Home-page: https://github.com/filipe-cogo/gherald
License: MIT
Author: University of Waterloo
Author-email: yuxueyao0130@gmail.com
Requires-Python: >=3.9,<3.13
Classifier: Development Status :: 3 - Alpha
Classifier: Intended Audience :: Developers
Classifier: License :: OSI Approved :: MIT License
Classifier: Operating System :: OS Independent
Classifier: Programming Language :: Python :: 3
Classifier: Programming Language :: Python :: 3.9
Classifier: Programming Language :: Python :: 3.10
Classifier: Programming Language :: Python :: 3.11
Classifier: Programming Language :: Python :: 3.12
Classifier: Topic :: Software Development :: Libraries :: Python Modules
Requires-Dist: GitPython (>=3.1.40,<4.0.0)
Requires-Dist: nltk (>=3.8.1,<4.0.0)
Requires-Dist: pandarallel (>=1.6.5,<2.0.0)
Requires-Dist: pandas (>=2.1.2,<3.0.0)
Requires-Dist: pydriller (>=2.5.1,<3.0.0)
Requires-Dist: rich (>=10.14.0,<11.0.0)
Requires-Dist: typer[all] (>=0.4.0,<0.5.0)
Project-URL: Repository, https://github.com/filipe-cogo/gherald
Description-Content-Type: text/markdown

# gherald

<div align="center">

[![Build status](https://github.com/filipe-cogo/gherald/workflows/build/badge.svg?branch=master&event=push)](https://github.com/filipe-cogo/gherald/actions?query=workflow%3Abuild)
[![Python Version](https://img.shields.io/pypi/pyversions/gherald.svg)](https://pypi.org/project/gherald/)
[![Dependencies Status](https://img.shields.io/badge/dependencies-up%20to%20date-brightgreen.svg)](https://github.com/filipe-cogo/gherald/pulls?utf8=%E2%9C%93&q=is%3Apr%20author%3Aapp%2Fdependabot)

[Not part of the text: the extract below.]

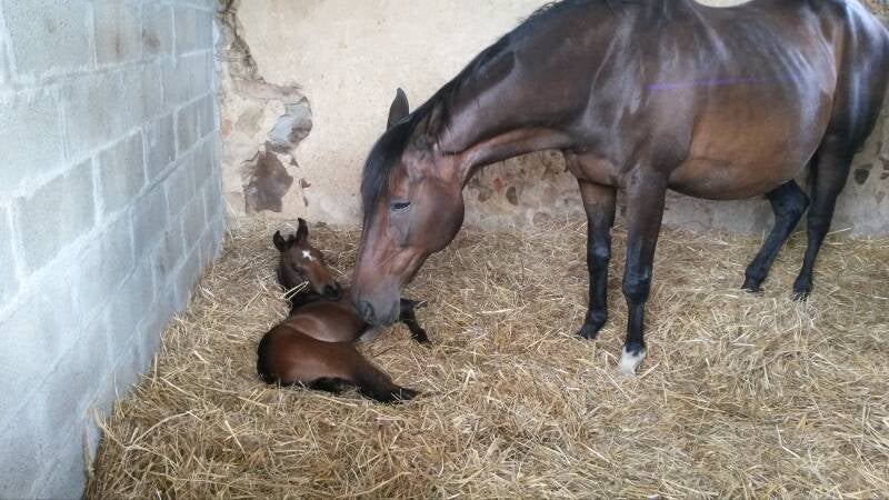 pour qu’elles puissent nous donner un ou deux derniers poulains, anglo évidemment. Et je me rappelais de la qualité de cette jument que j’avais déjà vue tourner dans le sud-ouest il y a longtemps... Il aura suffit d’un coup de fil, une mutualisation de transport et la voici à la maison !

[![Code style: black](https://img.shields.io/badge/code%20style-black-000000.svg)](https://github.com/psf/black)
[![Security: bandit](https://img.shields.io/badge/security-bandit-green.svg)](https://github.com/PyCQA/bandit)
[![Pre-commit](https://img.shields.io/badge/pre--commit-enabled-brightgreen?logo=pre-commit&logoColor=white)](https://github.com/filipe-cogo/gherald/blob/master/.pre-commit-config.yaml)
[![Semantic Versions](https://img.shields.io/badge/%20%20%F0%9F%93%A6%F0%9F%9A%80-semantic--versions-e10079.svg)](https://github.com/filipe-cogo/gherald/releases)
[![License](https://img.shields.io/github/license/filipe-cogo/gherald)](https://github.com/filipe-cogo/gherald/blob/master/LICENSE)
![Coverage Report](assets/images/coverage.svg)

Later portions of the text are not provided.